** THE DATA follows **

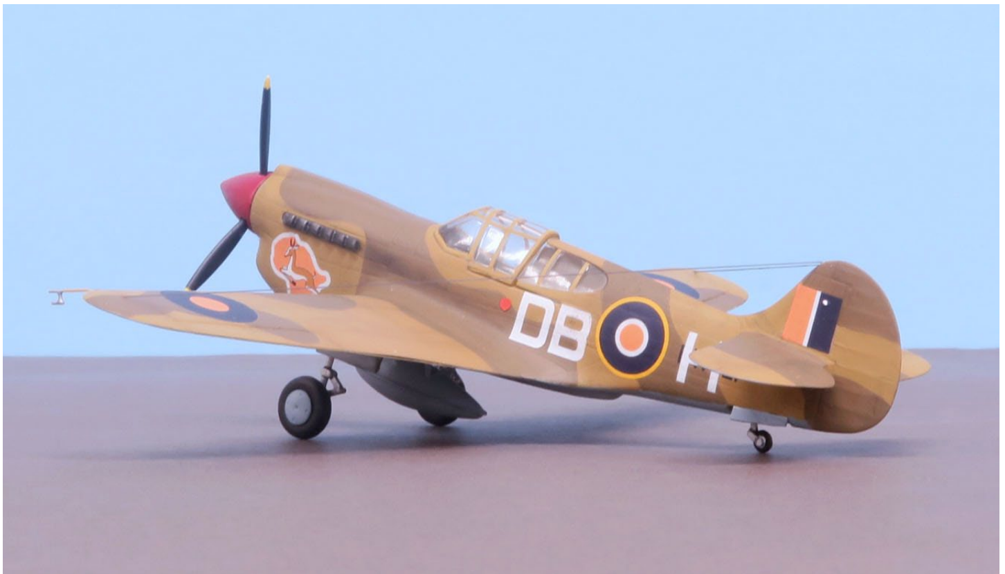
John Walker: 1/72 Kittyhawk Mk. IA (Kovozavody Semily)

John built the model OOB, but added a drop tank from a Hasegawa kit. Paints are Vallejo (Dark Earth) and Polly Scale (Middle Stone and Azure Blue) acrylics. Decals are from a Sword kit of the short tail Kittyhawk Mk. III. Markings are for RSAF No. 2 Sqn. (Flying Cheetah), North Africa, 1942. Although the plane closely resembles the Kittyhawk Mk. III (P-40K) with its enlarged vertical tail, it was actually from the last batch of Mk. 1A's, some of which incorporated features of later variants. John writes, "This is an old kit that required some TLC, but it looks like a Kittyhawk when finished."
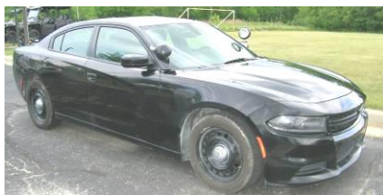
2018 Dodge Charger Interceptor, awd, 5.7 V-8, blk, 169,879 mi,
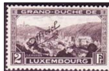
PLATE & PRINTING VARIETIES
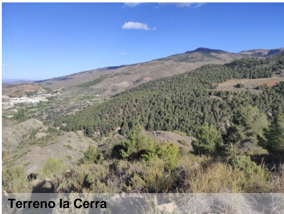
Terreno la Cerra
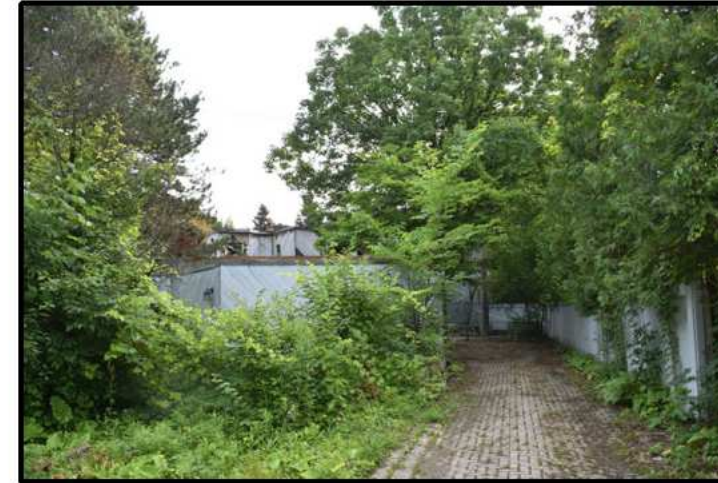
SUBJECT GARAGE - POST LOSS CONDITION SITE PHOTOGRAPH OBTAINED BY ROAR ENGINEER DATED JULY 8, 2024

** End of THE DATA **

- **YOUR OBJECTIVE**:
Starting at the line that contains "Terreno la Cerra", reproduce each line exactly through the end of the entries above, leaving every picture out.

- **OUTPUT FOR THIS EXERCISE**:
Terreno la Cerra
SUBJECT GARAGE - POST LOSS CONDITION SITE PHOTOGRAPH OBTAINED BY ROAR ENGINEER DATED JULY 8, 2024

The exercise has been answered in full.